======== THE DATA ========

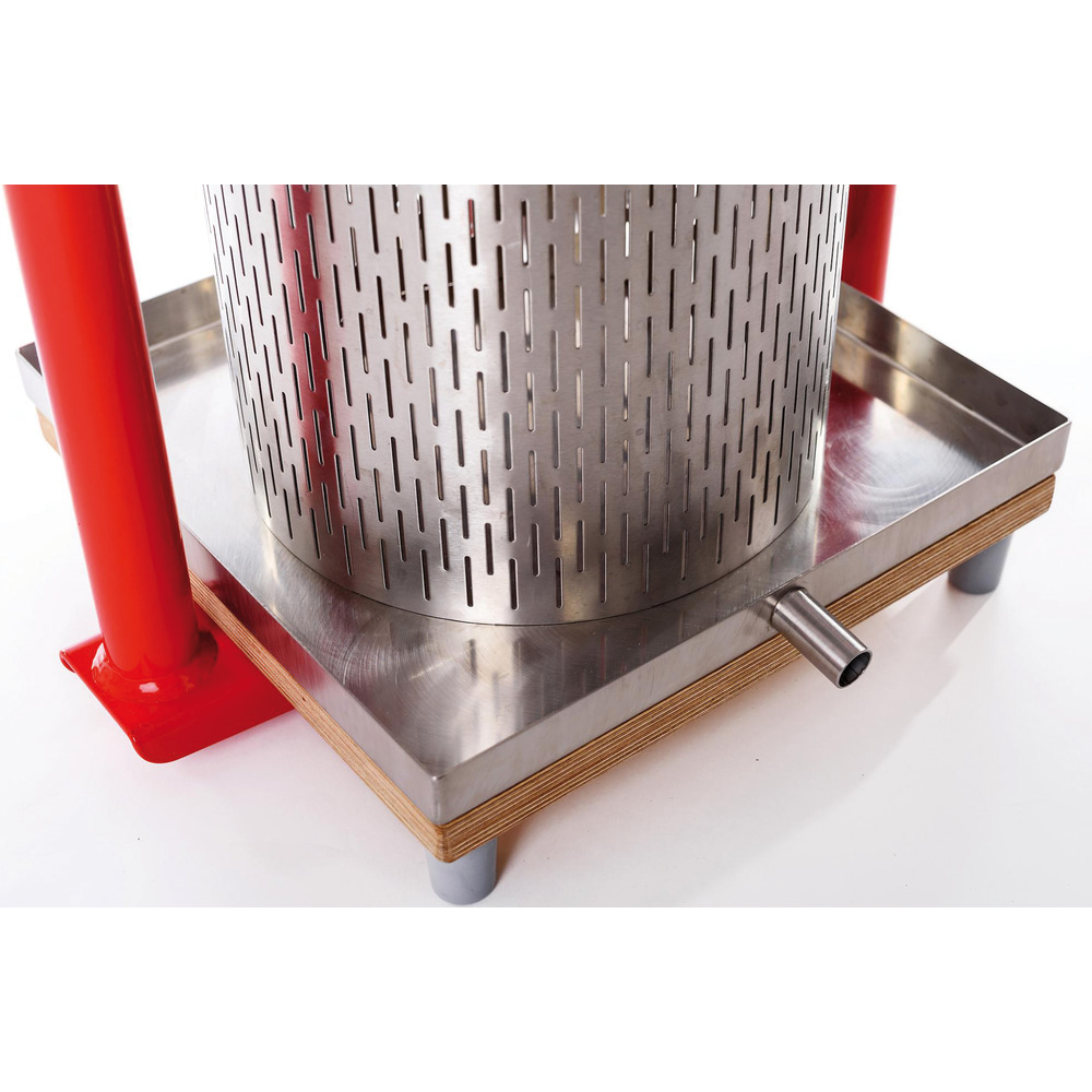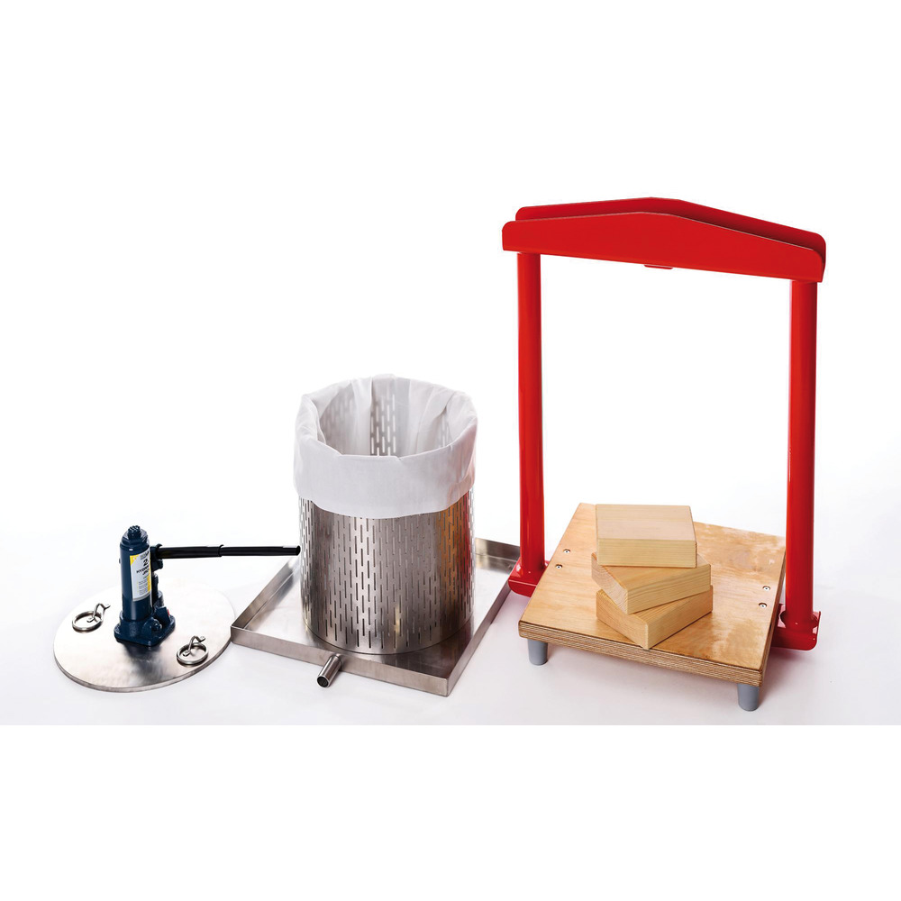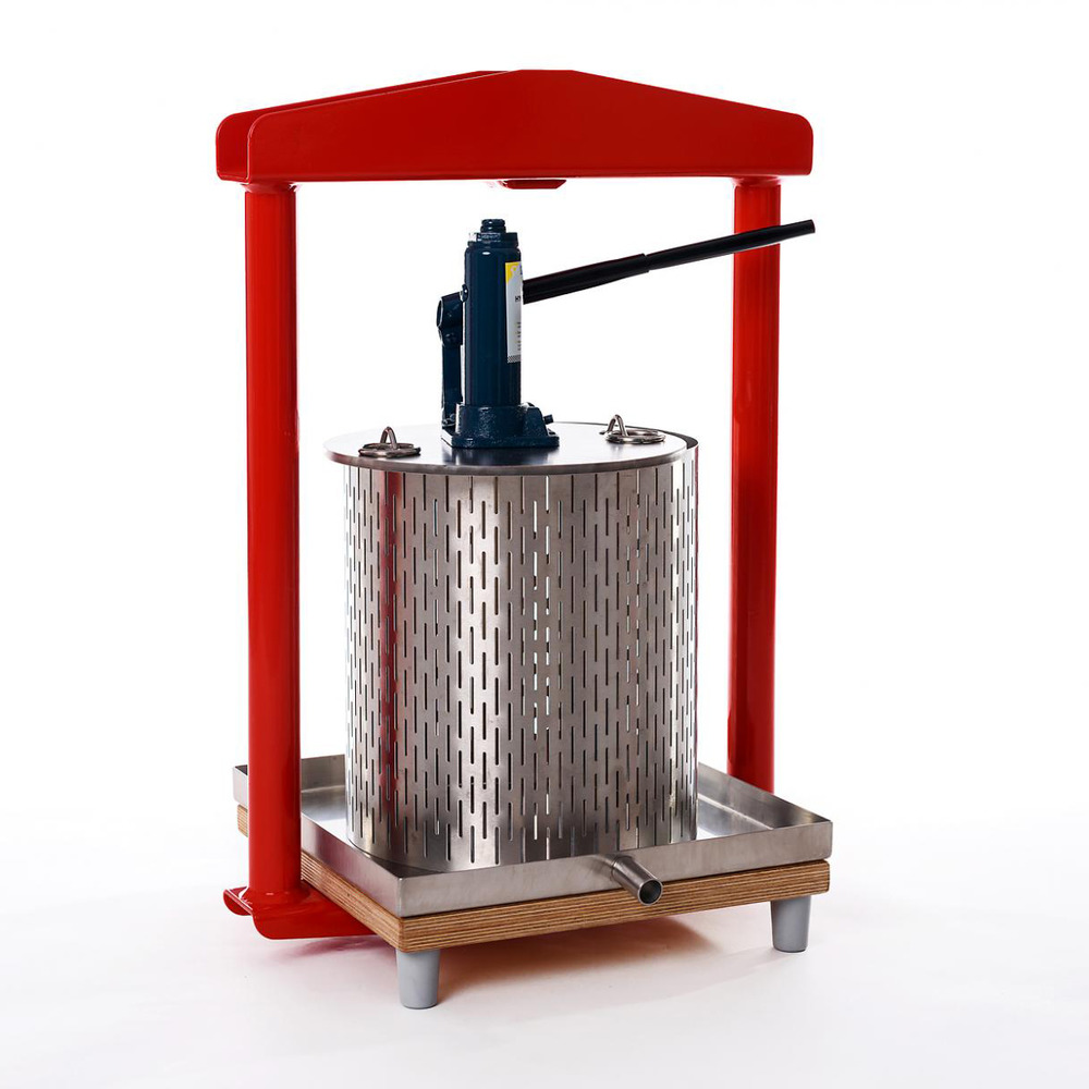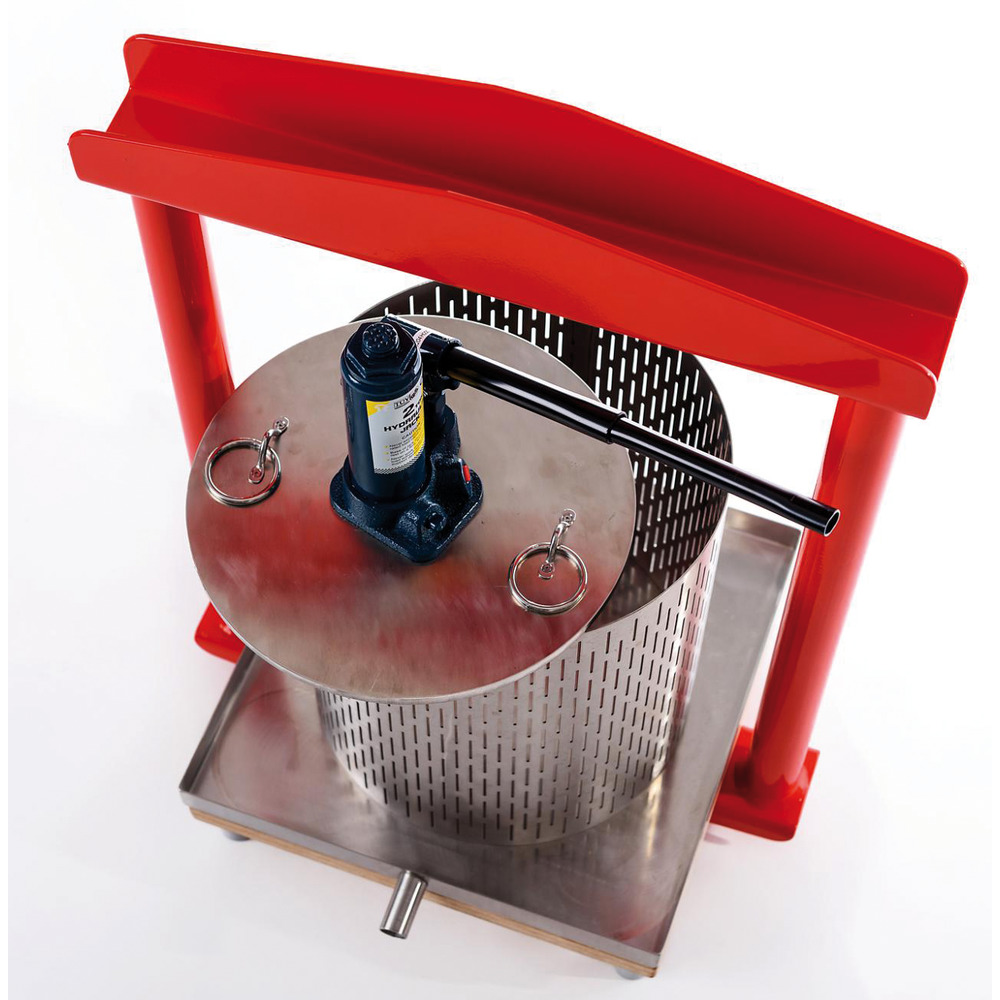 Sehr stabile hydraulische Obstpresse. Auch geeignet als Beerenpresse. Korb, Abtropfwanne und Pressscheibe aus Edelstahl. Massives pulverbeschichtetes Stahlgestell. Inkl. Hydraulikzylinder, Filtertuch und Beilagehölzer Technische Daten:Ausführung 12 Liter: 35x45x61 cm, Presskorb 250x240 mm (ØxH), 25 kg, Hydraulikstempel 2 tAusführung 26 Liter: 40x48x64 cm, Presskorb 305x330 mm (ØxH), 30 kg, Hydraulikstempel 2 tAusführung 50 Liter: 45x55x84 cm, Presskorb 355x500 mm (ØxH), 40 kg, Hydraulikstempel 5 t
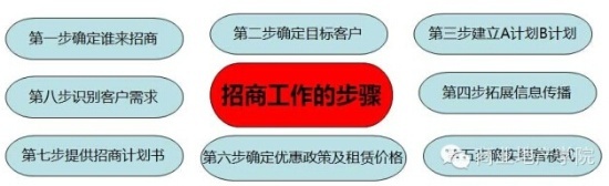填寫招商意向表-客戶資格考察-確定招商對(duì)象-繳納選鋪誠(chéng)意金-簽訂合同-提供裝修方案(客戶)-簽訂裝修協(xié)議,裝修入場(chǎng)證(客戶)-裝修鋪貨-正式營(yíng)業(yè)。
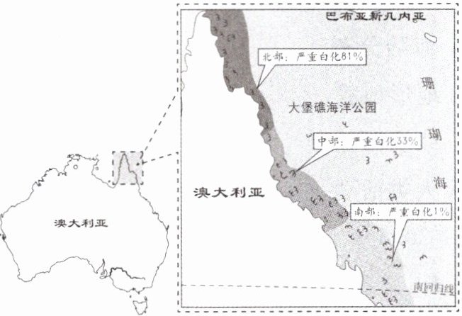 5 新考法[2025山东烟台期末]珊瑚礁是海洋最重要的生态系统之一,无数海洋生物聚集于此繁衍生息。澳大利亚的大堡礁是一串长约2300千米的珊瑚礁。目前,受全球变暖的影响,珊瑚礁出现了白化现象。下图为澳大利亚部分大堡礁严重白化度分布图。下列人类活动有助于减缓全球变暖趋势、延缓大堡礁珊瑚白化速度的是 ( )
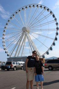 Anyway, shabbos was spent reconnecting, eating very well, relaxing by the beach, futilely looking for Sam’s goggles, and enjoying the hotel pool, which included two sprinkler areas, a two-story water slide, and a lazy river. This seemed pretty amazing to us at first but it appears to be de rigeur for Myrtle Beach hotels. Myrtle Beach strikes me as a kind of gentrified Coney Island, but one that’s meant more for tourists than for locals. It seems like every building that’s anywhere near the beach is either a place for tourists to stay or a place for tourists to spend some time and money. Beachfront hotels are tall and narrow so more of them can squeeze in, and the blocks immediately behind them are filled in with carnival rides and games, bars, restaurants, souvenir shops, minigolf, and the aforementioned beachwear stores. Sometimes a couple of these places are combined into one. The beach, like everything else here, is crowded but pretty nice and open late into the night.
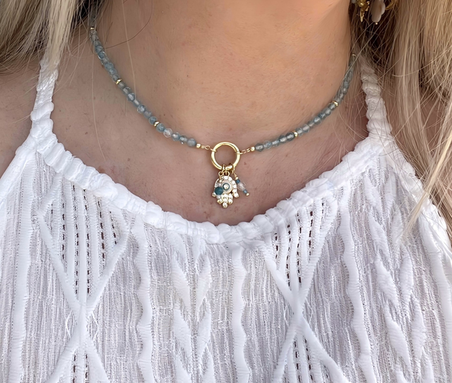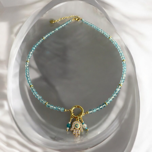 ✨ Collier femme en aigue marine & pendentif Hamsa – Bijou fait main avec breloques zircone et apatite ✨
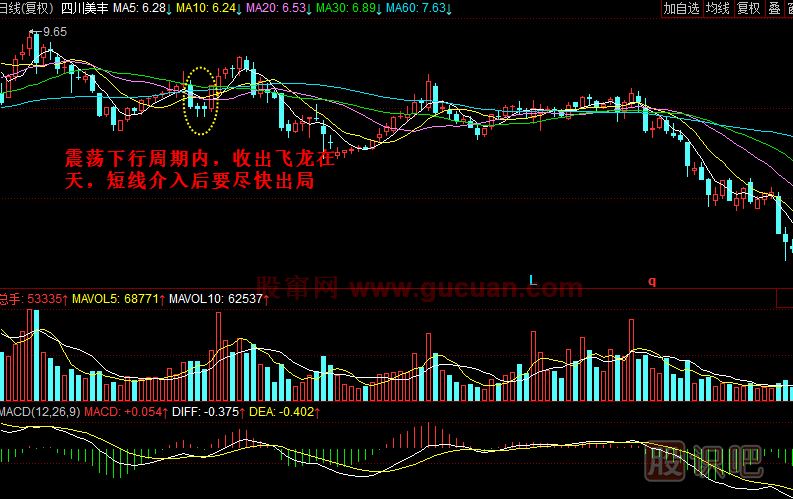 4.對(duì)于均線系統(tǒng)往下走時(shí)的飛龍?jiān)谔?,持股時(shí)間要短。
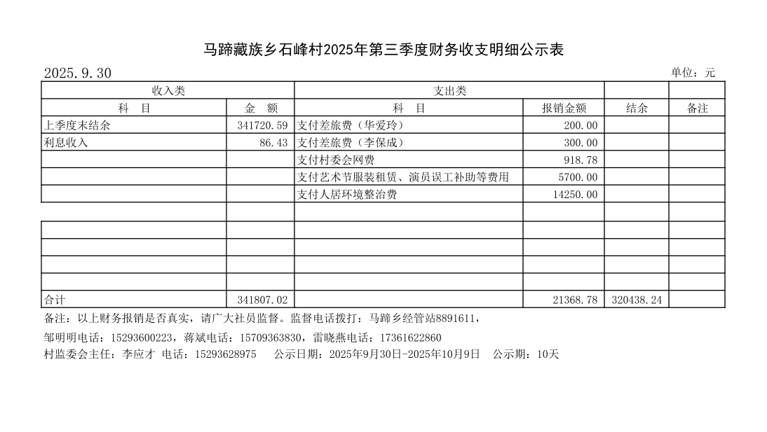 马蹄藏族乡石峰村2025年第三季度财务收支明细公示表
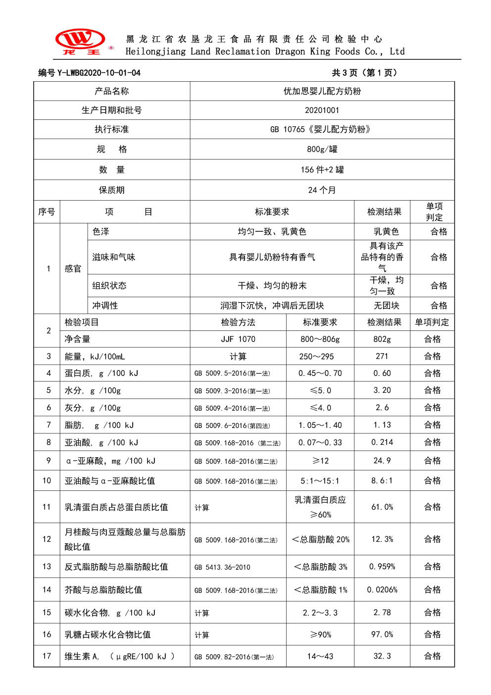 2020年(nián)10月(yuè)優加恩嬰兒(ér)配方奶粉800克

========

Copy the lines exactly. Start at the line with "4.對(duì)于均線系統(tǒng)往", end at the last line above, include both, and omit all pictures.

**REPLY**
 4.對(duì)于均線系統(tǒng)往下走時(shí)的飛龍?jiān)谔?,持股時(shí)間要短。
 马蹄藏族乡石峰村2025年第三季度财务收支明细公示表
 2020年(nián)10月(yuè)優加恩嬰兒(ér)配方奶粉800克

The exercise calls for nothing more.